Kelley was not only sure about nursing, she knew exactly what area she wanted to work in: She wanted to care for the sickest patients.

The coronavirus pandemic has given Kelley and her colleagues at MetroWest Medical Center and worldwide virtually as many sick patients as they could handle. The outbreak was so severe in the spring MetroWest – which now encompasses Leonard Morse – held off on plans to shift Leonard Morse from acute care to specialty care because it so badly needed the patient beds.

As nursing director of critical care services, Kelley oversees all inpatient care services, which received the bulk of coronavirus patients, who’d often come in through the emergency department.
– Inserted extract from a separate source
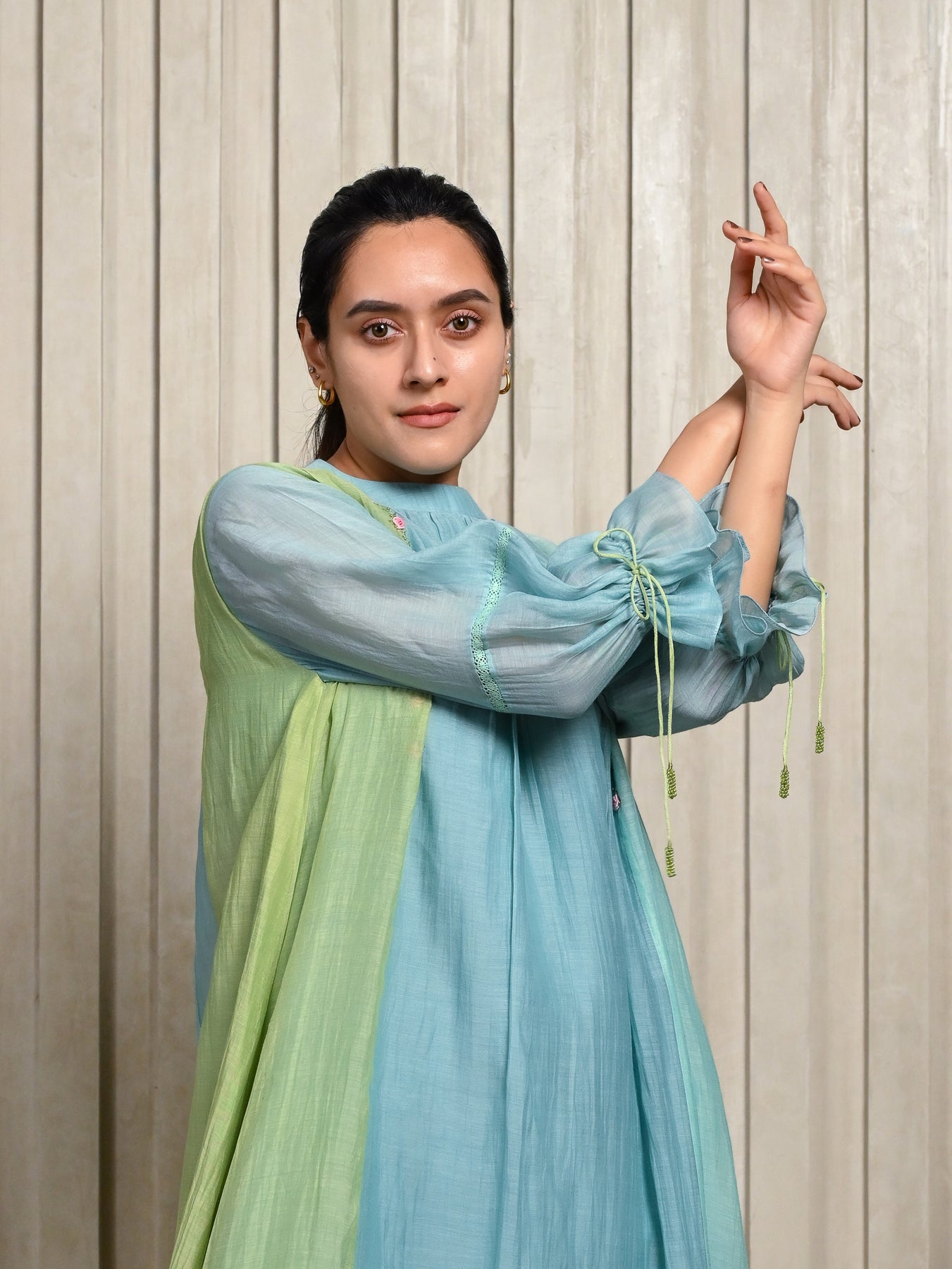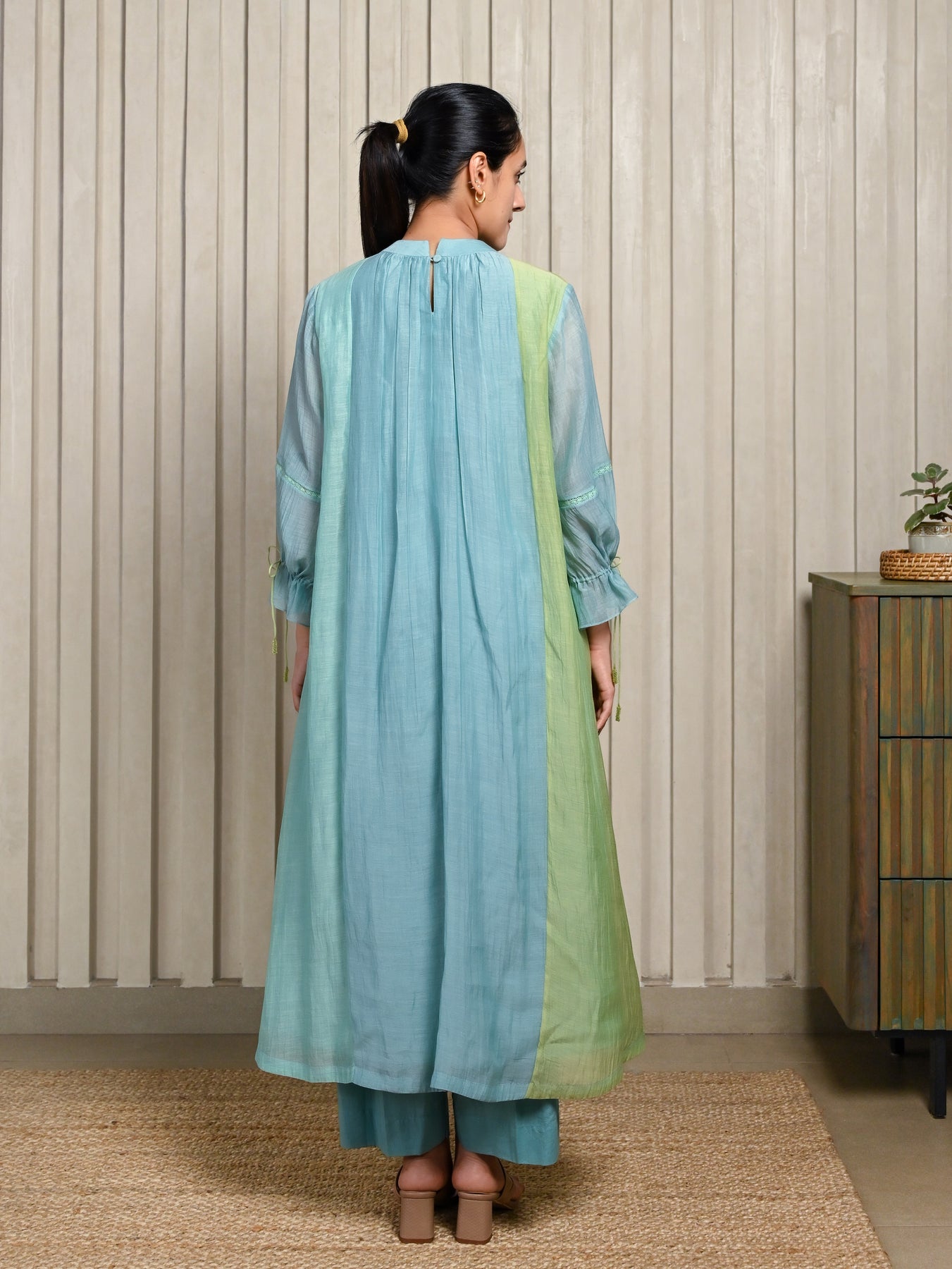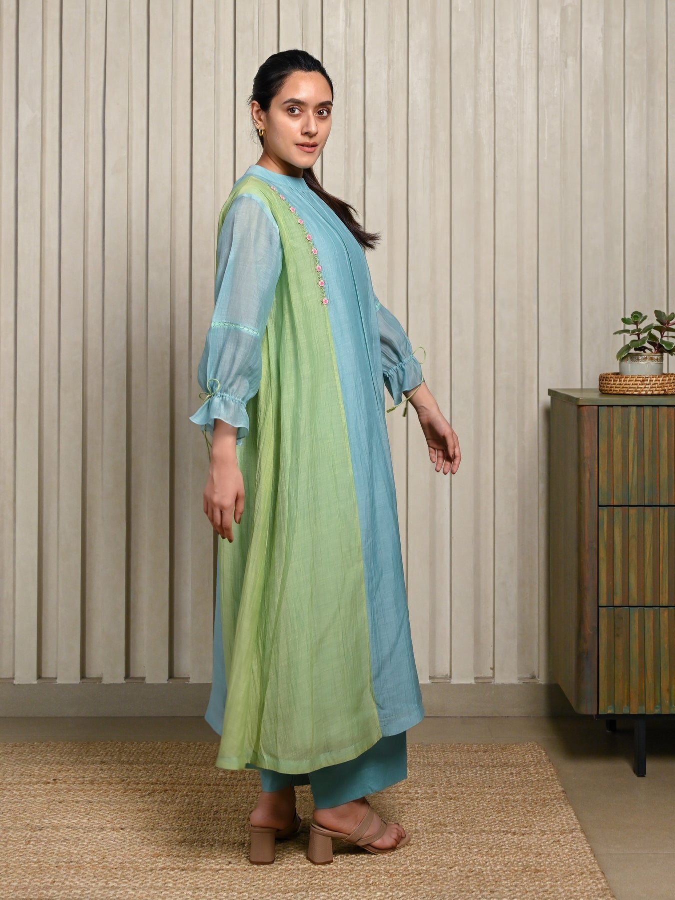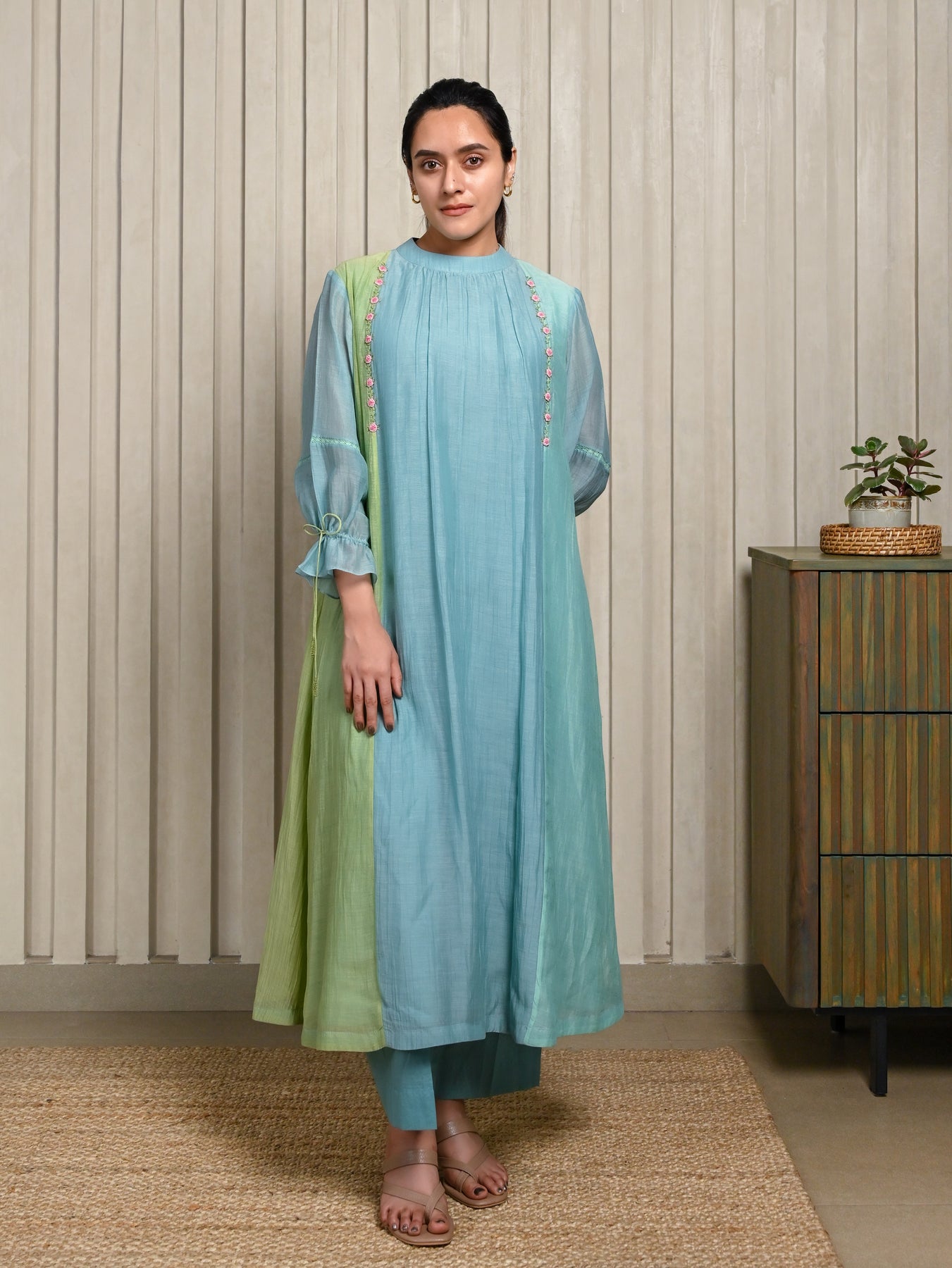 Handloom Chanderi silk kurta in soft blue tones, highlighted with delicate floral embroidery and gentle gathers for an effortless flow. Paired with a comfortable cotton bottom, it offers a refined yet easy-to-wear silhouette.

From the first moment those patients would arrive, proper separation of patients was a top priority. After that, Kelley and her staff would have to figure out where to keep sick and highly contagious patients. MetroWest’s Framingham Union Hospital typically has 12 intensive care beds, but shifted beds around from its pediatric cardiovascular step-down units to create enough for 45. Ultimately, the highest patient count topped out at about 35.

Kelley, the nursing director for 15 years and a MetroWest nurse for more than 30, helped to make 25 rooms negative pressure, so contaminated air wasn’t circulated through the rest of the hospital. Contamination risks for front-line workers were serious concerns, she said, yet nurses from other areas of the hospital who wouldn’t normally work with such patients were eager to help out on whatever shifts they could.

“I call my colleagues battle angels,” she said. “Honest to God, it was nothing that we ever encountered before. It was like living a nightmare every day.”

Some nurses stayed in hotels to keep their families safer, Kelley said. In her case, when she’d come home, she’d leave her work sneakers in her trunk, walk in to take a shower, and then greet her family.

After wanting a career helping the sickest patients, she got that responsibility – and will never forget it.

“Just seeing a patient in a bed, with no family members, with six IV bags, medications, pumps galore, on a breathing tube, all the people caring for that person – that’s an image we’ll never forget,” she said.

For some caregivers, the pandemic was too much, Kelley said. Some nurses, she said, chose to retire, burned out or disheartened from the experience and saying, “COVID won.”

For any workers though, she said, the pandemic has made it clear how careful people need to be staying safe.

“We’re only asking the simplest requests of wearing a mask and washing your hands,” she said.

And frontline workers, Kelley emphasized, were always there for patients, including when visitors weren’t allowed to be with them in their final moments.

“Not only did we play the role of the caregiver. We had to play the role of the family member,” she said. “We wouldn’t allow anyone to die without holding their hand. No one died alone.”